School of Engineering, Computing and Mathematics, University of Plymouth, Plymouth, PL48AA, UK.
Sci Rep. 2023 Apr 15;13(1):6170. doi: 10.1038/s41598-023-33141-y.
The Covid-19 pandemic presents a serious threat to people's health, resulting in over 250 million confirmed cases and over 5 million deaths globally. To reduce the burden on national health care systems and to mitigate the effects of the outbreak, accurate modelling and forecasting methods for short- and long-term health demand are needed to inform government interventions aiming at curbing the pandemic. Current research on Covid-19 is typically based on a single source of information, specifically on structured historical pandemic data. Other studies are exclusively focused on unstructured online retrieved insights, such as data available from social media. However, the combined use of structured and unstructured information is still uncharted. This paper aims at filling this gap, by leveraging historical and social media information with a novel data integration methodology. The proposed approach is based on vine copulas, which allow us to exploit the dependencies between different sources of information. We apply the methodology to combine structured datasets retrieved from official sources and a big unstructured dataset of information collected from social media.
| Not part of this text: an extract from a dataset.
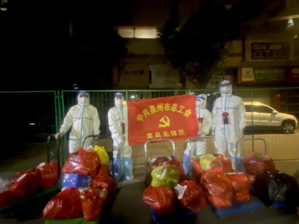 来自泉州市总工会的杨海涛、泉州市委党史和地方志研究室的柯峥,参加所在单位的党员先锋队,不惧风险,进驻封控疫区,除了要严把封控关,做好宣传和疏导工作之外,还为住户运送生活物资、发放核酸检测试剂,为老弱幼等特殊群体上门服务解决各种问题和困难。他们都曾经是人民子弟兵,保卫国家安全,现在虽然脱下军装,依然冲锋在前,敢打敢拼,让党旗飘扬在防疫最前沿。

The results show that the combined use of official and online generated information contributes to yield a more accurate assessment of the evolution of the Covid-19 pandemic, compared to the sole use of official data.
Covid-19 大流行对人们的健康构成了严重威胁,在全球范围内导致了超过 2.5 亿例确诊病例和超过 500 万人死亡。为了减轻国家卫生保健系统的负担,并减轻疫情的影响,需要使用准确的短期和长期卫生需求建模和预测方法,为旨在遏制大流行的政府干预措施提供信息。目前针对 Covid-19 的研究通常基于单一信息来源,特别是结构化的历史大流行数据。其他研究则专门侧重于非结构化的在线检索见解,例如社交媒体上提供的数据。但是,结构化和非结构化信息的结合使用仍未被探索。本文旨在通过利用历史和社交媒体信息并结合新颖的数据集成方法来填补这一空白。该方法基于藤蔓 Copula,这使我们能够利用不同信息源之间的依赖关系。我们应用该方法将从官方来源检索的结构化数据集和从社交媒体收集的大型非结构化信息数据集结合在一起。结果表明,与仅使用官方数据相比,官方和在线生成信息的结合使用有助于更准确地评估 Covid-19 大流行的演变。